■ **Raw data**:
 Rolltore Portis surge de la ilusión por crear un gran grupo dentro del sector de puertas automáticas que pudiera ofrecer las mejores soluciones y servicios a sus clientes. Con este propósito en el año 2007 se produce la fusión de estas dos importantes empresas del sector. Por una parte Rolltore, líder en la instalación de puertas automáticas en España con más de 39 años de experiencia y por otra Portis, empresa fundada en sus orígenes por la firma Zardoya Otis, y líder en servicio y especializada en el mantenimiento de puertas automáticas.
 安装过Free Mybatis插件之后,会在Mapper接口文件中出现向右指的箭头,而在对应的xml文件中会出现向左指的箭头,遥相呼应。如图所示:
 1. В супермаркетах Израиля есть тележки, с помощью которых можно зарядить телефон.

---

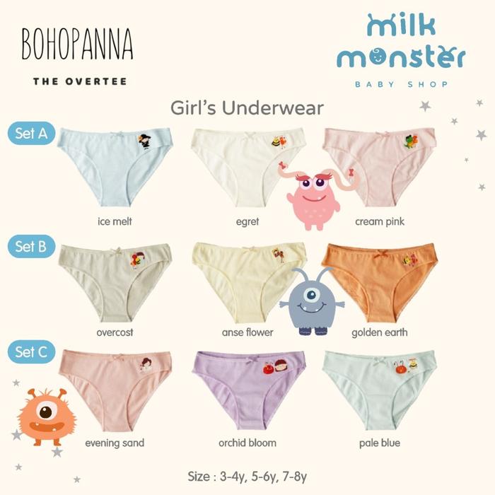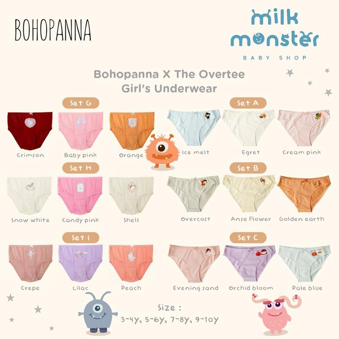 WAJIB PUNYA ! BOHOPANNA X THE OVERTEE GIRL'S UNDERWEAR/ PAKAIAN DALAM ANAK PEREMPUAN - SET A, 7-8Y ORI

■ **What is required**: Only the lines above from the line containing "安装过Free Mybati" through the line containing "1. В супермаркетах" should be retyped, exactly and with both ends included.

■ **Response box**:
 安装过Free Mybatis插件之后,会在Mapper接口文件中出现向右指的箭头,而在对应的xml文件中会出现向左指的箭头,遥相呼应。如图所示:
 1. В супермаркетах Израиля есть тележки, с помощью которых можно зарядить телефон.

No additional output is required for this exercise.